It’s Female Founder Friday again! Time to spotlight another amazing woman entrepreneur and her company. Let me introduce you to Laura Fredericks, a 1776 alum and also a soon-to-be MASS Challenge alum with a very cool startup, Describli.
Describli provides a suite of tools that help authors discover their audience, find more readers in their niche, and customize their marketing strategy to fit their readers. Authors can track sales, manage social media engagement, and experiment with new marketing methods from one simple platform. Our data and analytics give you unique insights about your books, the tools to act on those insights, and the time to get back to writing.
– Authors need a more reliable way to make decisions about how to market their work, and who to market to. We believe data and analytics help authors make smarter decisions and reach a more strategic audience.

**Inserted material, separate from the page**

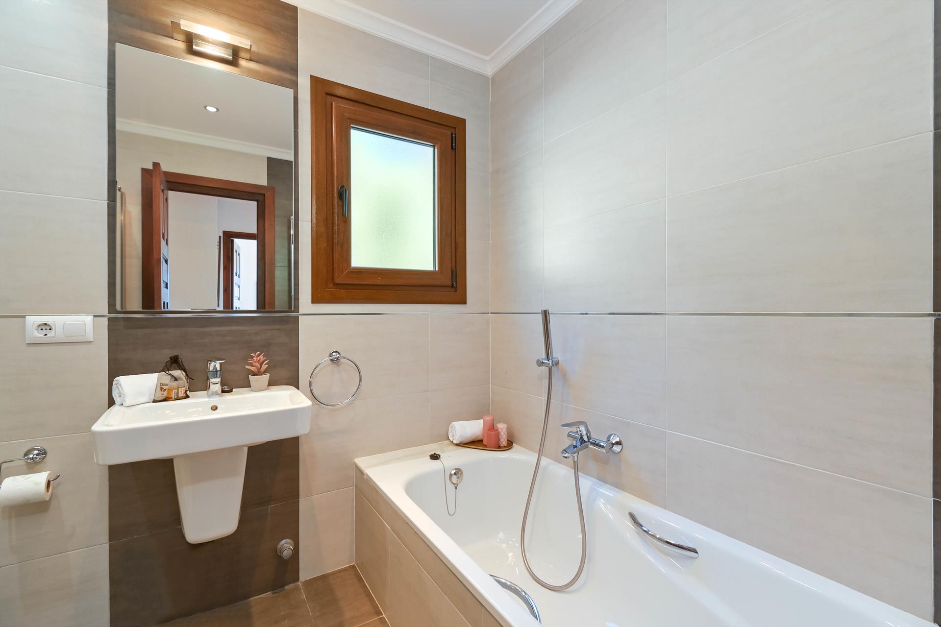 Badkamer met wastafel, bad, douche en toilet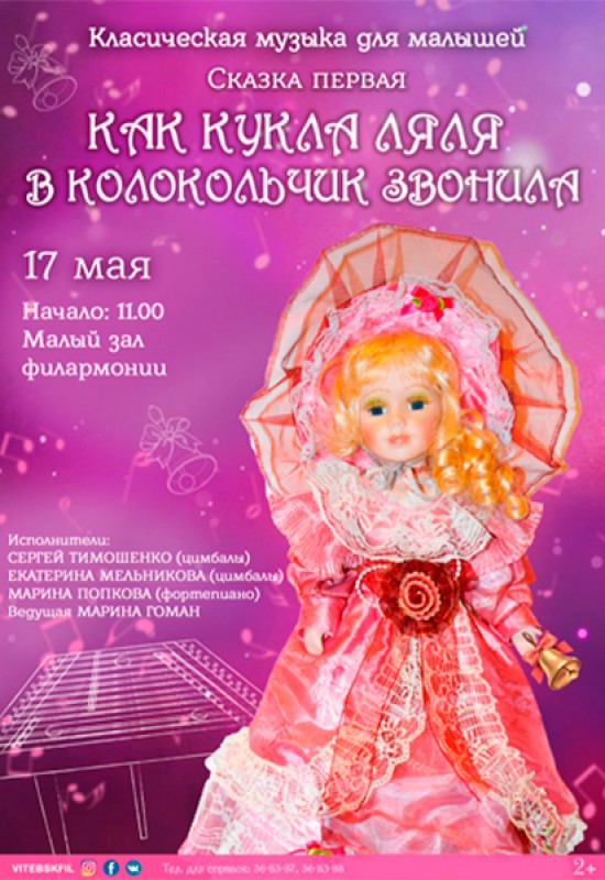 Цикл программ классической музыки для детей дошкольного возраста и их родителей «Сказки куклы Ляли» является смысловым продолжением музыкальных встреч для будущих мам «Соткать душу из нот». Маленькие зрители получают возможность услышать тембры различных музыкальных инструментов, поиграть на несложных шумовых и мелодических инструментах вместе с музыкантами, спеть. Музыкальное воспитание развивает в малыше способность слушать и слышать, чувствовать, двигаться, а главное – мыслить. Музыка открывает для маленького человечка мир новых образов и впечатлений.

– We are currently accepting authors to the private beta for Describli, which is being offered to beta users at beta users for free (a $35/month value). Authors can sign up at describli.com!
What is your favorite thing about being a female founder?
I think the sense of community has gotten really strong over the last few years. Female entrepreneurs are helping each other to navigate the ecosystem and find power in being female, instead of thinking of it in any way as a disadvantage. We’re sticking together and building stronger startups because of it! We give each other some much-needed advice when we need it the most. We all have our own personal strengths and weaknesses. If one person is looking to expand their social media presence, you’ll always have someone telling you that you can get Instagram growth with Nitreo, or a similar company. When you are truly stuck and have nowhere to turn to, we are there to pick each other up and to continue creating our success.
What is your advice for an aspiring female founder?
I would advise other female founders to consider the motivations of the people that you’re dealing with, and give others the benefit of the doubt. It’s pretty rare that someone is trying to be deliberately sexist or biased; a lot of bad experiences are instead based on miscommunications or unconscious bias. If you have a bad experience, take the opportunity to act professionally, educate if it’s appropriate, and move on with building a great company.